The photographic body displays metaphors that subtly show this, through images of clothing that blend within the natural landscape, to the growing community of Kushti wrestlers fighting for a piece of home. Images of sand and dust speak about the desert and its ever-shifting landscape much like Dubai itself. Making Dubai a reflection of a globalised society, a place that has become influenced and built up on foreign cultures. What can only be described as ‘urban amnesia’ as the city begins to rapidly move forward we begin to forget what is truly important, the people that have shifted the direction and meaning of home, by creating their very own communities and life that remain with them despite the city’s movement. Therefore questioning Soedira on what he constitutes as home and identity.
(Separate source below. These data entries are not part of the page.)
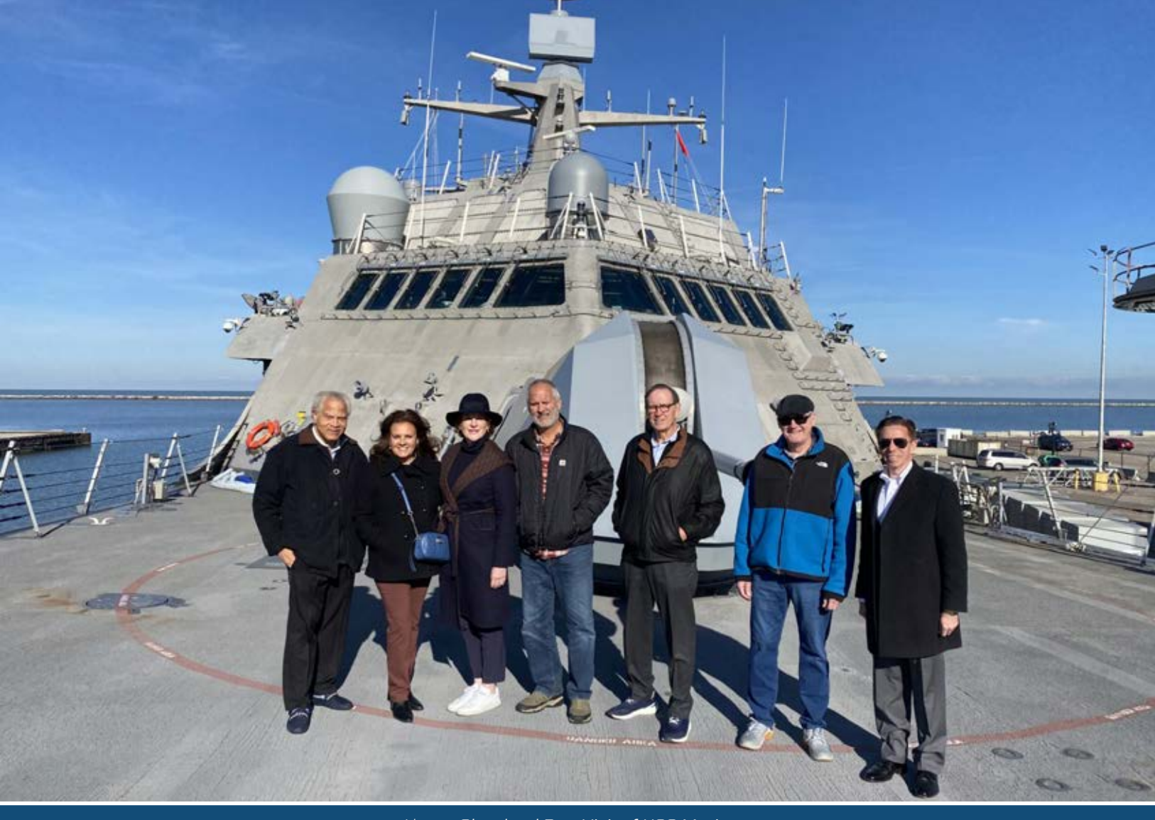
Above: Cleveland Port Visit of USS Marinette
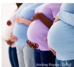
Pregnancy and Childbirth
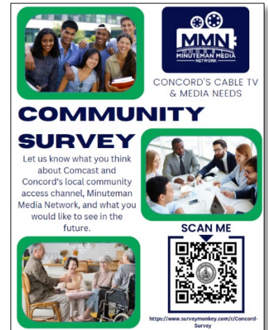
Community Survey Flyer with QR Code

These meetings allowed interested community members to learn about the Comcast franchise renewal. The Committee wants your opinions and ideas about cable TV and community media services that should be available in Concord as part of any new franchise agreement. Please complete the survey at the link. https://www.surveymonkey.com/r/Concord-Survey
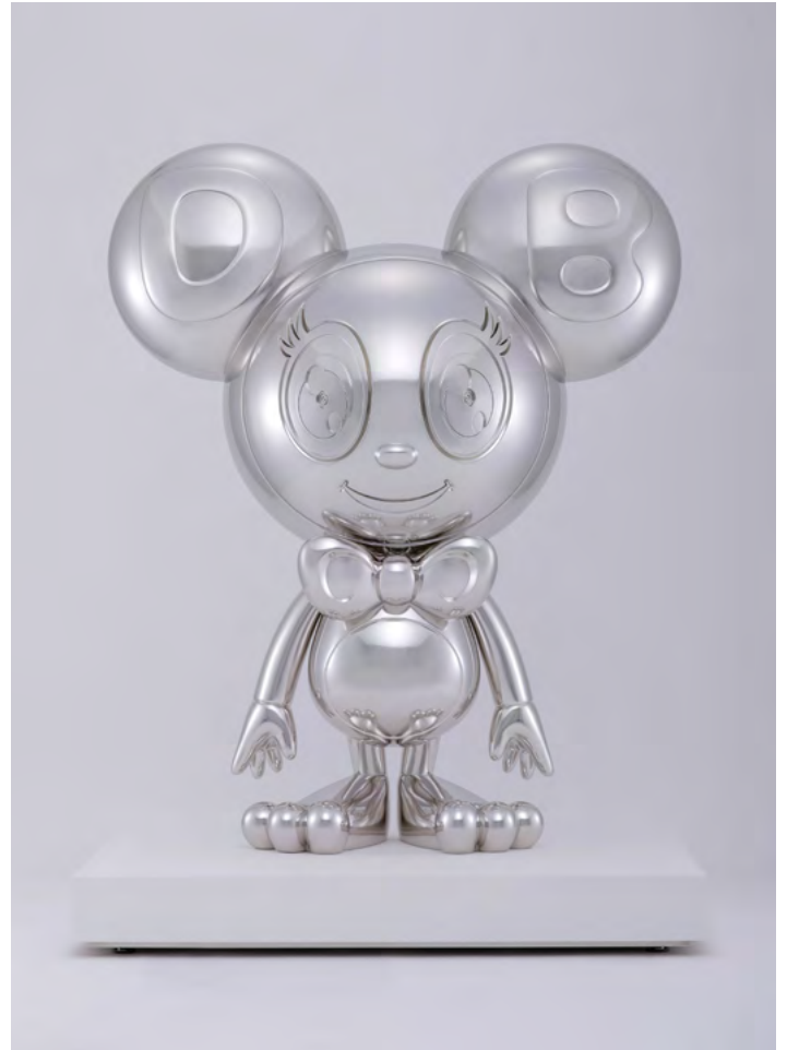
Mr. DOB (Platinum), 2019 - 2022. Platinum leaf on FRP, 173,4 x 130,4 x 130 cm (including pedestal). ©2019 - 2022 Takashi Murakami/Kaikai Kiki Co., Ltd. All Rights Reserved.
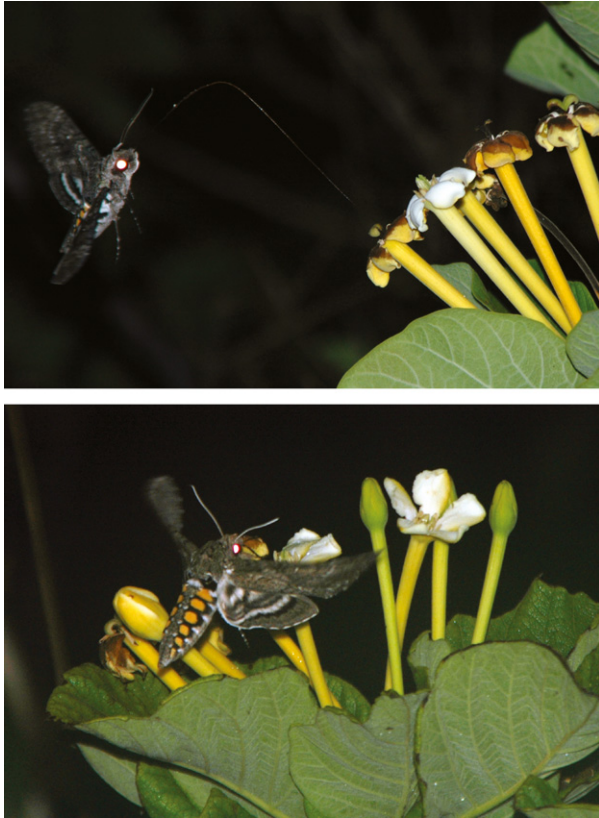
Fig. 1. Morphological mismatches set important biological constraints for size-limited foragers, including predators, pollinators and frugivores. In plant–animal mutualisms (e.g. plant–pollinator interactions), a morphological mismatch between partners sets size limits that filter out a range of phenotypes that otherwise could eventually interact. Two main co-evolutionary trends in hawkmoth–flower interactions involve arms-race trends (with progressively longer spurs and probosces) and pollinator shifts (where short-tongued moths are replaced as legitimate pollinators by long-tongued species when corolla tubes increase in length). In many cases, pollination is impossible when the proboscis is longer than the spurs because the pollen or pollinaria are attached further from the base of the proboscis. When this happens, the pollen or pollinaria may be scratched away by the forelegs when the proboscis is rolled to a loose spiral; yet in other cases, actual pollen transfer may occur when long-tongued moths visit short-tubed flowers. If the proboscis is shorter than the spur, transfer of the pollen or pollinaria is possible as long as the proboscis can get in contact with the sexual organs of the flowers. Other reasons for forbidden links include phenological differences (Bascompte & Jordano 2014). Thus, a number of the potential interactions that could take place in a given mutualistic assemblage simply cannot occur because of biological reasons: these are forbidden interactions. Photograph: A sphingid moth, Manduca sexta visiting a flower of Tocoyena formosa (Rubiaceae) in the Brazilian Cerrado; tongue and corolla tube lengths approximately 100 mm. Top, approaching and probing a flower; bottom, extracting nectar.

There is a Madagascar Orchis—the Angraecum sesquipedale —with an immensely long and deep nectary. How did such an extraordinary organ come to be developed? Mr. Darwin's [p. 475] explanation is this. The pollen of this flower can only be removed
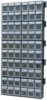
S0353 Parts Storage Bin System
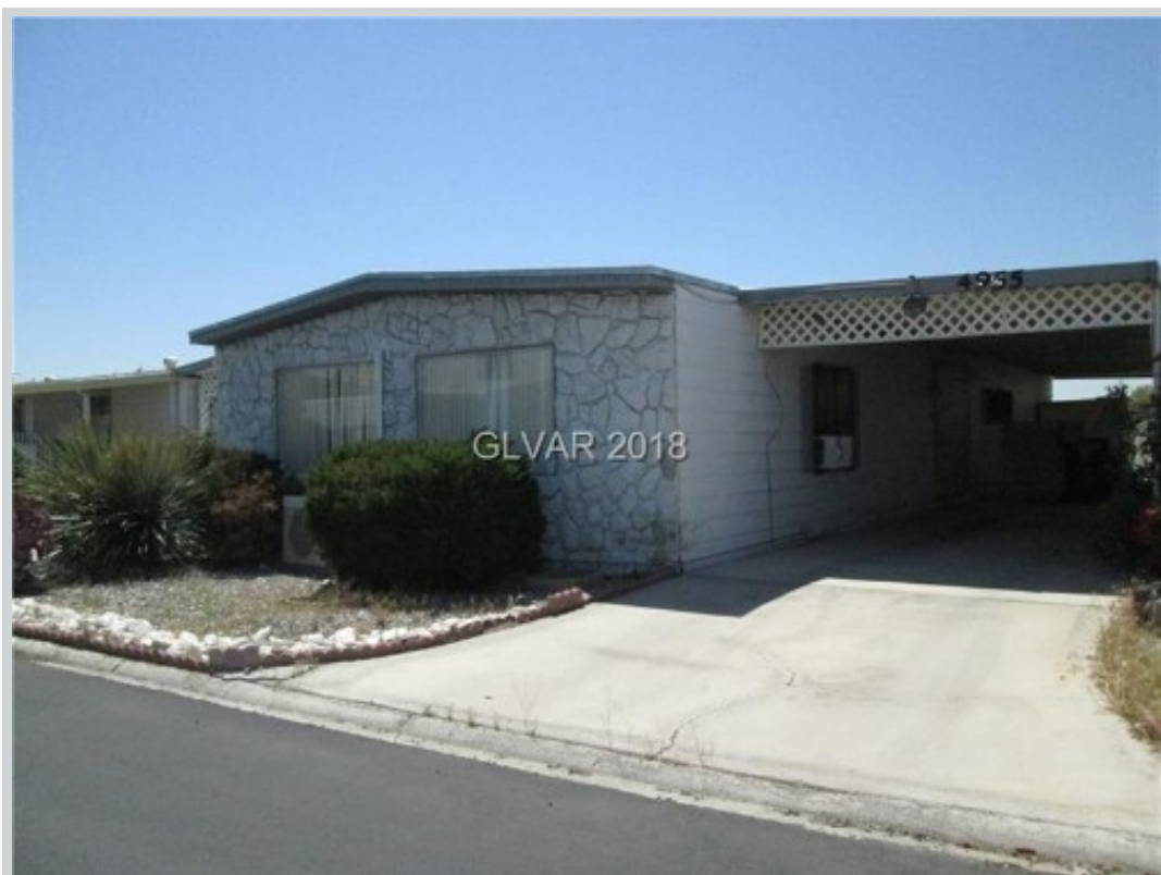
Sold Comp 1

Address 4575 Royal Ridge Lane, Las Vegas, NV 89103 Loan Number 36620 Suggested List $123,000 Suggested Repaired $123,000 Sale $120,000
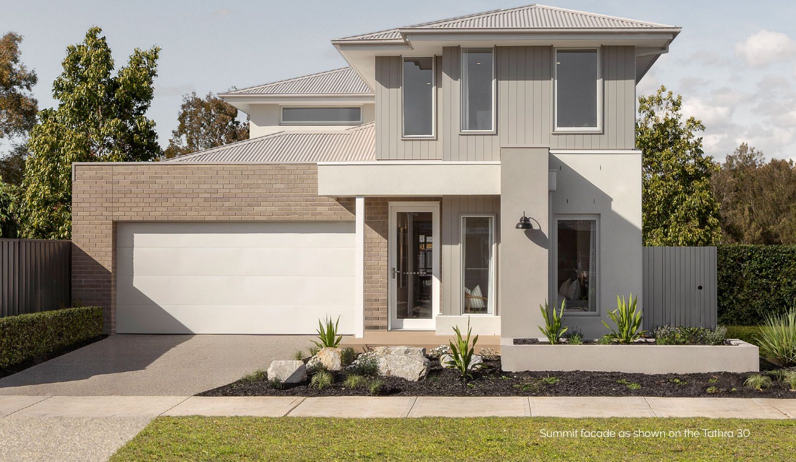
Summit facade as shown on the Tathra 30
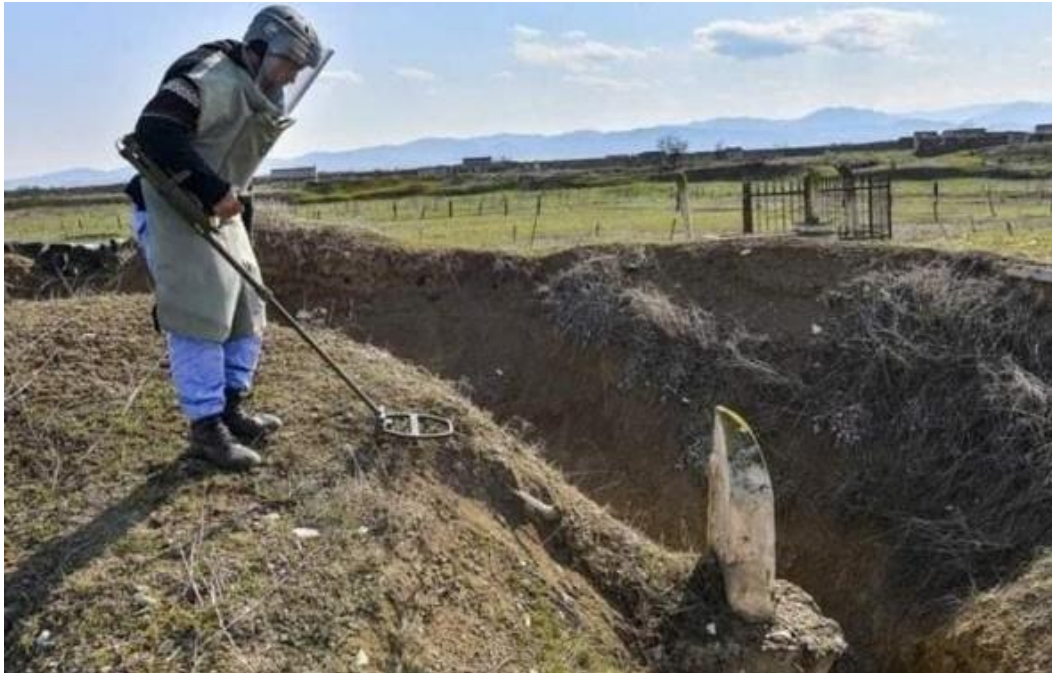
“Trenched graves” – photo from a cemetery in the village of Marzili in Aghdam district

It is also a well-known fact that landmines are a major obstacle to rehabilitation and humanitarian aid in the affected areas.

Dubai is home for me despite it officially on paper being Glasgow; the work visually in many people’s eyes may seem quite foreign. However I do feel like everyone can relate to it in someway, as we more and more begin to question our identity daily. Our access to the world becomes easier and we dream of moving away to set up home somewhere else, leading us to question where am I from? And what truly is home for me? And with a city changing daily I struggle to recognise and associate myself with a place, a place that I feel strangely foreign to but at the same time very comfortable in. Yet with all this in motion it excites me to see my home shift and expand in new directions; a place that allows all cultures and nationalities to embody something from their own motherland to this new home.